Harper sighed. “Oh, Adri.” She had been wrung dry by the events of the last twelve hours—maybe the last nine years—and at the end of all of her fears, she found that she wasn't so much scared as she was exhausted. Coming clean felt like letting go, and though it pained her to know that Adri was hurting, in a way Harper felt freer, lighter than she had in years. Never mind the horrible muck of the place where they found themselves, the telling and the regret and the blame, or the fact that if (when?) Sawyer was caught he'd take his revenge and shout the truth to the whole wide world. Because whether or not Adri was willing to admit it, Harper knew what she knew. She had felt David's chest beneath her hands. Its gaping absence when he fell.

“You don't believe me, do you?” Adri was saying.

Harper blinked, came to. She had heard every word, but all at once she wasn't sure that she had been listening. “What do you mean?” she asked.

“I'm telling you that it's my fault.” Adri's voice cracked on the last two words, and although it didn't seem she had any tears left to cry, she was blanched white, and Harper put out a hand to steady her.

“What are you talking about?” Harper asked. “None of this is your fault. None of it.”

“You're wrong,” Adri whimpered, shaking her head from side to side, looking as if she was trying to dislodge the thoughts that plagued her. “You're so wrong, Harper. It's all my fault because I knew that he was suicidal. I knew, and I didn't stop him. I didn't save him.”

Harper shushed her friend. “Don't be silly. David wasn't suicidal.”

“Yes, he was.”

“Fine. He was. But he didn't jump.”

“Yes, he did. And when he hit the water, I let him drown.” Adri was staring at the fence post blindly, and as Harper came closer she clutched at her clothes, her hands. A blind woman feeling for sight. “I could have saved him,” she said. “But he hurt me. And I was so, so angry at him. I let him drown.”
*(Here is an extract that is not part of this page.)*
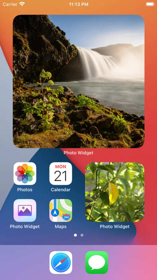 Create as many photo widgets as you like with one or more photos per widget. If you choose more than one photo, it will change photos on a time interval (which can be customized in the settings). Each widget can have separate photos. You can also show photos from an album in your photo library.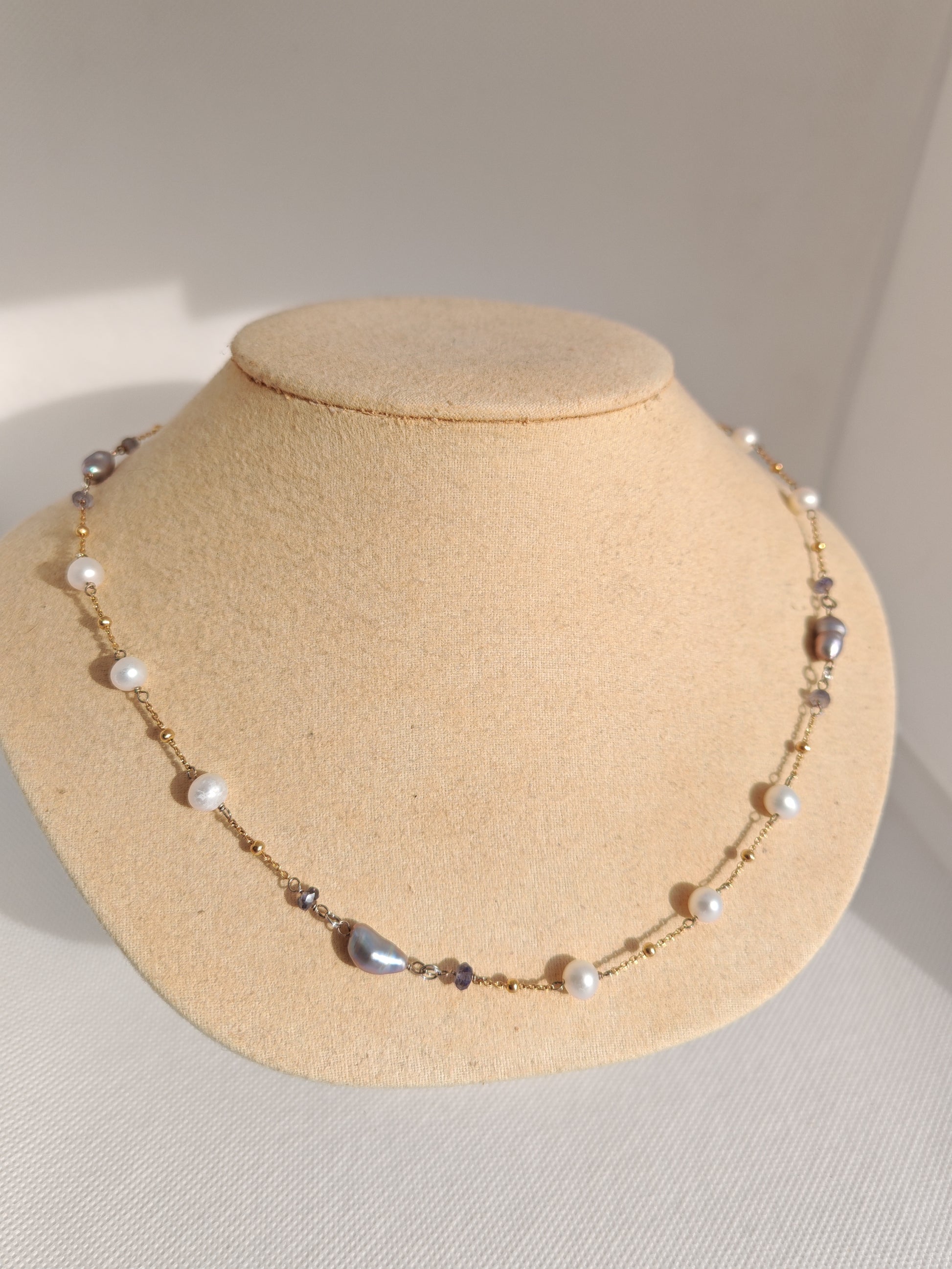 Questo girocollo è un pezzo unico in argento 925 ‰ , con un'elegante lavorazione "a rosario" che mette in risalto le perle naturali e le gemme di cianite. Un gioiello raffinato, perfetto per ogni occasione.

Harper stroked Adri's blood-stiffened hair. “That's not true,” she said, lacing her voice with as much calm, as much comfort as she could muster. “David didn't drown, Adri. He was dead the instant he hit the water. The force of the fall, the way he landed . . . No one could have survived it.”

But Adri wouldn't hear it. “I just sat there. I watched it all happen.”

“That's not how—”

“I was a registered nurse. I could have done something. But you were there for him,” Adri broke in. “You climbed down from the cliff while I sat paralyzed in the lawn chair. You waded into the water and pulled him out. You held him for hours. Until the helicopter came.”

Dazed, Harper floundered for words. Tried to speak but couldn't, then tried again. It was no use. Nothing she could say would set things right. The earth was hung askew. She didn't know where to begin.

They sat in silence for a minute or two until Harper finally gathered her wits. She summoned the fortitude to take Adri's
chin in her hand. “Look at me,” she commanded with far more authority than she felt. “Adri, honey, look at me.”

She did. For several long seconds, the two former best friends locked eyes. Everything they had loved and lost, all the hope they had forfeited and the years that came between were contained in the breadth and depth and width of their gaze. “Adri,” Harper said, “I need you to listen to me. You're remembering it wrong.”